We create features that power an interactive **Streamlit** + **Plotly** dashboard.

#### 5.1 Calendar, Time-of-Day, and Mapping Features
- Derive year/month/day fields from `flight_date`
- Parse HHMM scheduled departure time into an hour field
- Create state abbreviations (`origin_state_abbr`) for Plotly USA maps

In [85]:
# Calendar fields
df["year"] = df["flight_date"].dt.year.astype("Int64")
df["month"] = df["flight_date"].dt.month.astype("Int64")
df["month_name"] = df["flight_date"].dt.month_name()
df["day_of_month"] = df["flight_date"].dt.day.astype("Int64")
df["day_of_week_name"] = df["flight_date"].dt.day_name()
df["week_of_year"] = df["flight_date"].dt.isocalendar().week.astype("Int64")

# HHMM -> hour + HH:MM
def hhmm_to_hour_min(series: pd.Series):
    s = series.apply(lambda x: np.nan if pd.isna(x) else str(int(float(x))).zfill(4))
    hour = s.apply(lambda x: np.nan if pd.isna(x) else int(x[:2])).astype("Int64")
    minute = s.apply(lambda x: np.nan if pd.isna(x) else int(x[2:])).astype("Int64")
    return hour, minute

if "scheduled_departure_hhmm" in df.columns:
    h, m = hhmm_to_hour_min(df["scheduled_departure_hhmm"])
    df["scheduled_departure_hour"] = h
    df["scheduled_departure_time"] = [
        np.nan if pd.isna(hh) or pd.isna(mm) else f"{int(hh):02d}:{int(mm):02d}"
        for hh, mm in zip(h.tolist(), m.tolist())
    ]

# State abbreviations for Plotly USA maps
US_STATE_TO_ABBR = {
    "Alabama":"AL","Alaska":"AK","Arizona":"AZ","Arkansas":"AR","California":"CA","Colorado":"CO",
    "Connecticut":"CT","Delaware":"DE","District of Columbia":"DC","Florida":"FL","Georgia":"GA",
    "Hawaii":"HI","Idaho":"ID","Illinois":"IL","Indiana":"IN","Iowa":"IA","Kansas":"KS","Kentucky":"KY",
    "Louisiana":"LA","Maine":"ME","Maryland":"MD","Massachusetts":"MA","Michigan":"MI","Minnesota":"MN",
    "Mississippi":"MS","Missouri":"MO","Montana":"MT","Nebraska":"NE","Nevada":"NV","New Hampshire":"NH",
    "New Jersey":"NJ","New Mexico":"NM","New York":"NY","North Carolina":"NC","North Dakota":"ND","Ohio":"OH",
    "Oklahoma":"OK","Oregon":"OR","Pennsylvania":"PA","Rhode Island":"RI","South Carolina":"SC","South Dakota":"SD",
    "Tennessee":"TN","Texas":"TX","Utah":"UT","Vermont":"VT","Virginia":"VA","Washington":"WA","West Virginia":"WV",
    "Wisconsin":"WI","Wyoming":"WY"
}

if "origin_state" in df.columns:
    df["origin_state"] = df["origin_state"].astype(str).str.strip()
    df["origin_state_abbr"] = df["origin_state"].map(US_STATE_TO_ABBR)
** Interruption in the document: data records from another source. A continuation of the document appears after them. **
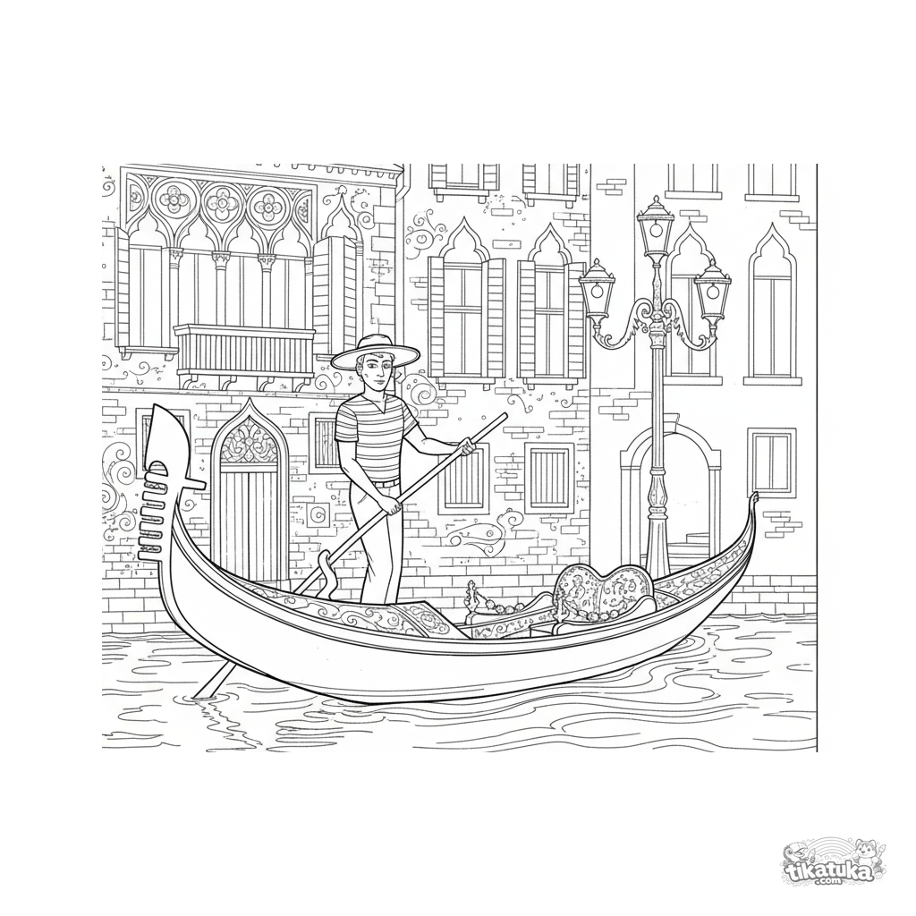 Сложная раскраска для детей 10-12 лет: детализированная венецианская гондола плывет по каналу на закате. Отражения в воде, архитектура и атмосфера требуют внимания к деталям.
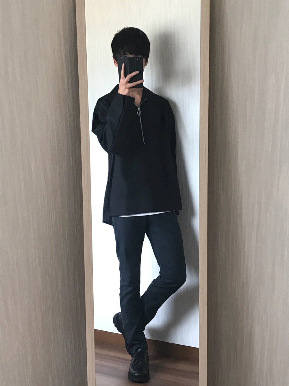 夜空のシャツ/ブラウス「【STUDIOUS】TRクリアハーフジッププルオーバーシャツ」を使ったコーディネート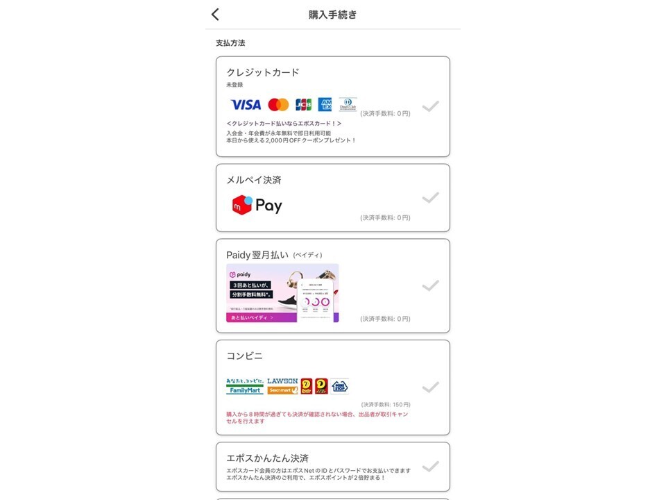 次に支払い方法の選択をお願いいたします。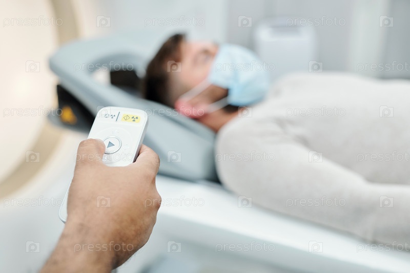 Рука мужчины касается кнопки на панели управления, стоя перед пациентом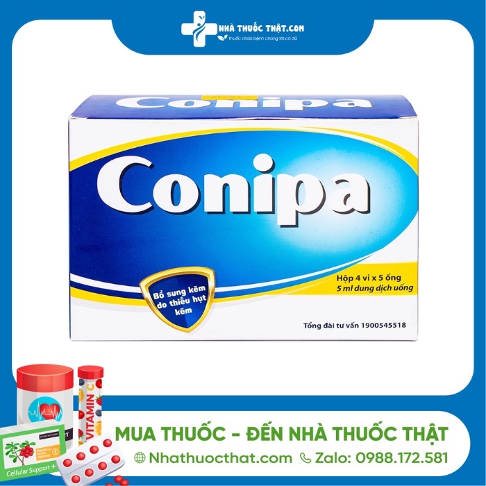 - Thận trọng khi sử dụng Conipa 5ml cùng với thuốc hoặc thực phẩm chức năng có chứa đồng, canxi, sắt… Vì có thể dẫn đến cơ chế cạnh tranh hấp thu trong cơ thể. Trong trường hợp bắt buộc phải sử dụng, bạn nên uống các thuốc trên cách nhau ít nhất 3 giờ.

if "destination_state" in df.columns:
    df["destination_state"] = df["destination_state"].astype(str).str.strip()
    df["destination_state_abbr"] = df["destination_state"].map(US_STATE_TO_ABBR)


#### 5.2 Delay KPIs & Categorical Fields
Create:
- `is_operated` (exclude cancelled/diverted flights for KPIs)
- `is_delayed_15` (standard delay definition)
- `arrival_delay_min` (non-negative KPI delay)
- `total_delay_min` (sum of delay causes)
- `delay_bucket` (distribution)
- `primary_delay_cause` (for cause breakdown charts)

In [86]:
cause_cols = [
    "carrier_delay_min",
    "weather_delay_min",
    "nas_delay_min",
    "security_delay_min",
    "late_aircraft_delay_min"
]
cause_cols = [c for c in cause_cols if c in df.columns]  # safety

# Operated flights (exclude cancelled/diverted)
if "is_cancelled" in df.columns and "is_diverted" in df.columns:
    df["is_operated"] = (df["is_cancelled"] == 0) & (df["is_diverted"] == 0)
else:
    df["is_operated"] = True

# KPI-friendly delays (clip negatives)
df["arrival_delay_min"] = df["arrival_delay_raw_min"].clip(lower=0)
df["departure_delay_min"] = df["departure_delay_raw_min"].clip(lower=0)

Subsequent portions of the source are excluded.